See This Value Investor’s Take on the Market Situation and Future Outlook

Joel Greenblatt‘s Gotham Asset Management is one of the best funds to track due to its value-investing approach and consistent returns over the years. Mr. Greenblatt selects large and mid-cap companies and buys them at a large discount according to his assessment and shorts companies that trade at the largest premium compared to his assessed value. Gotham recently issued a new quarterly letter to investors in which Mr. Greenblatt presented his take on the current market situation after the August turmoil and expressed his views on the situation going forward, saying that the “valuation disparity between large and small caps should also help contribute to attractive long/short spreads in the coming year,” among other things.

GOTHAM ASSET MANAGEMENT

We follow Gotham’s activity alongside over 700 other hedge funds as part of our small-cap strategy, which involves imitating a portfolio of 15 top small-cap ideas among these funds, and which has returned 118% over the last three years, beating the S&P 500 ETF (SPY) by some 60 percentage points. We believe that imitating hedge funds’ small-cap picks can be more profitable than buying their most popular picks overall (see more details here).

Gotham’s latest 13F revealed a very diversified equity portfolio worth almost $12 billion, with most positions from the Services and Technology sectors. Heading into the third quarter, the fund’s largest holding was represented by Gilead Sciences, Inc. (NASDAQ:GILD), in which it held 1.07 million shares. However, while the investor trimmed its holding in Gilead by 4% during the second quarter, it boosted its stakes in its other top picks. In this way, Gotham held 1.17 million shares of Bunge Ltd (NYSE:BG) and 1.73 million shares of Lannett Company, Inc. (NYSE:LCI), up by 62% and 12% on the quarter respectively. Its fourth-largest position, in Pilgrim’s Pride Corporation (NASDAQ:PPC), was inched up by 6% to 4.10 million shares, while its stake in Spirit AeroSystems Holdings, Inc. (NYSE:SPR) was doubled to over 1.53 million shares.

Overall, out of 910 positions disclosed by Gotham in the 13F, 759 holdings are in companies that have a market cap of over $1 billion. These positions had a weighted average decline of just 0.09% in the third quarter, while year-to-date the return of Gotham’s equity portfolio (calculated under the same approach) stands at a loss of 8.7%.

In his latest letter to Gotham investors, Mr. Greenblatt said that they had small long/short spread gains during August, amid a broader market correction.

“In essence, when investors start to panic they throw everything out without much discernment. Given our research into prior market periods, it is our expectation that this discernment should start to play out over the next 6 to 12 months as an appreciation for risk returns,” Greenblatt added.

The investor added that he is still confident in the companies in which Gotham has long positions, because they will benefit from a “renewed appreciation” as they have high cash flows relative to price and can generate “attractive returns on capital.” On the other hand, the companies that Gotham has shorted will underperform the market and will lag in comparison to the stocks from the long side of the portfolio according to the investor. “Over the last several years, these “hope” stocks have been priced with little concern for the risks to those high expectations,” Mr. Greenblatt said.
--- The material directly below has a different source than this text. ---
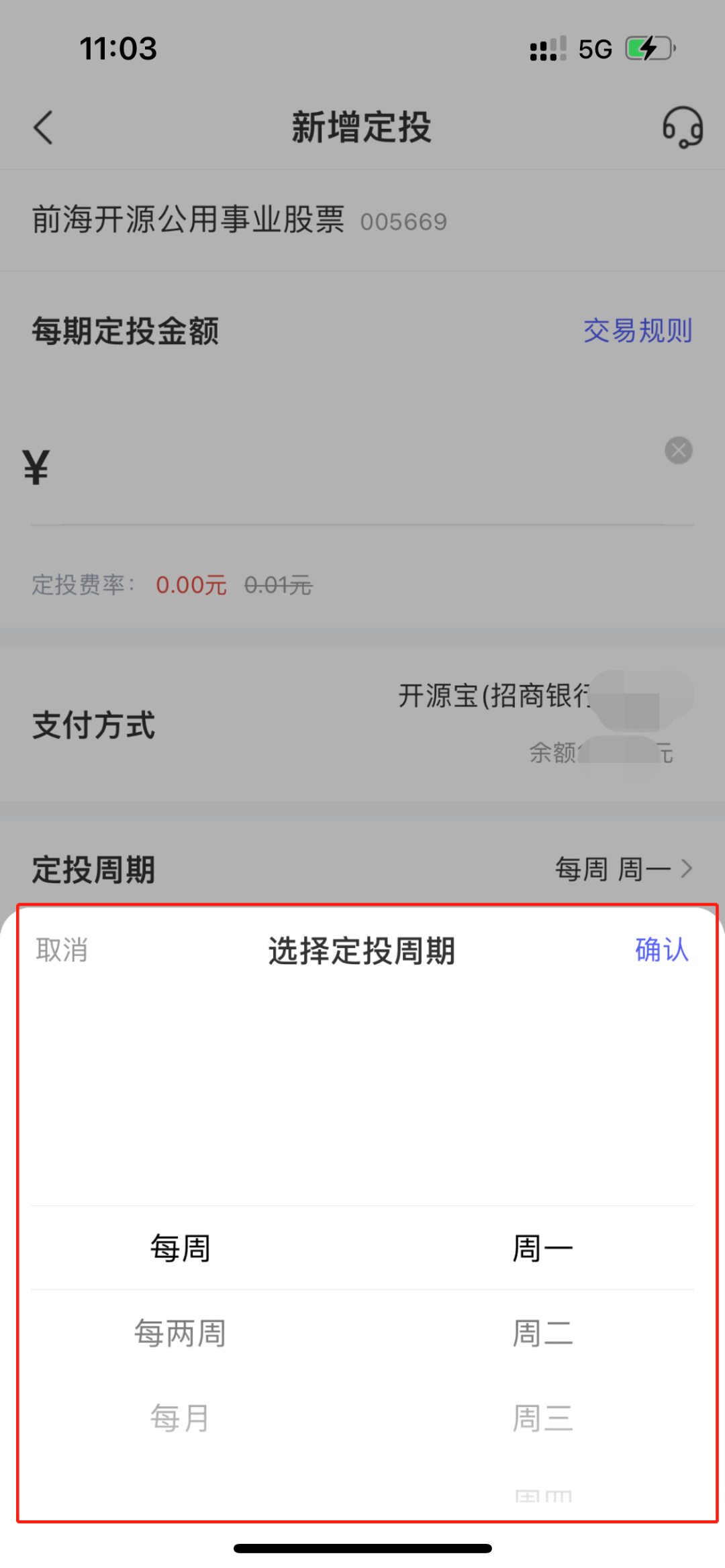 定投周期有多种可选,设置完成后,点击“确认”,定投计划设置成功;

“As we often say, stocks are not pieces of paper that bounce around that we put Sharpe or Sortino ratios on. Stocks are ownership shares of businesses that we value and then either buy at an attractive discount to that value or sell short when they are expensive relative to value. This process often takes time to work, but this is the only way we know how to invest.”

He added that the recent market turmoil will help Gotham’s strategy to make more profits in the coming year. Another reason that will help Gotham to achieve “attractive long/short spreads” is the valuation disparity between large and small-cap stocks. Currently, Gotham’s portfolio contains long positions that are “skewed toward the cheapest stocks among the larger caps,” while its short positions are “skewed toward the most expensive smaller cap stocks within an already very expensive small cap universe.”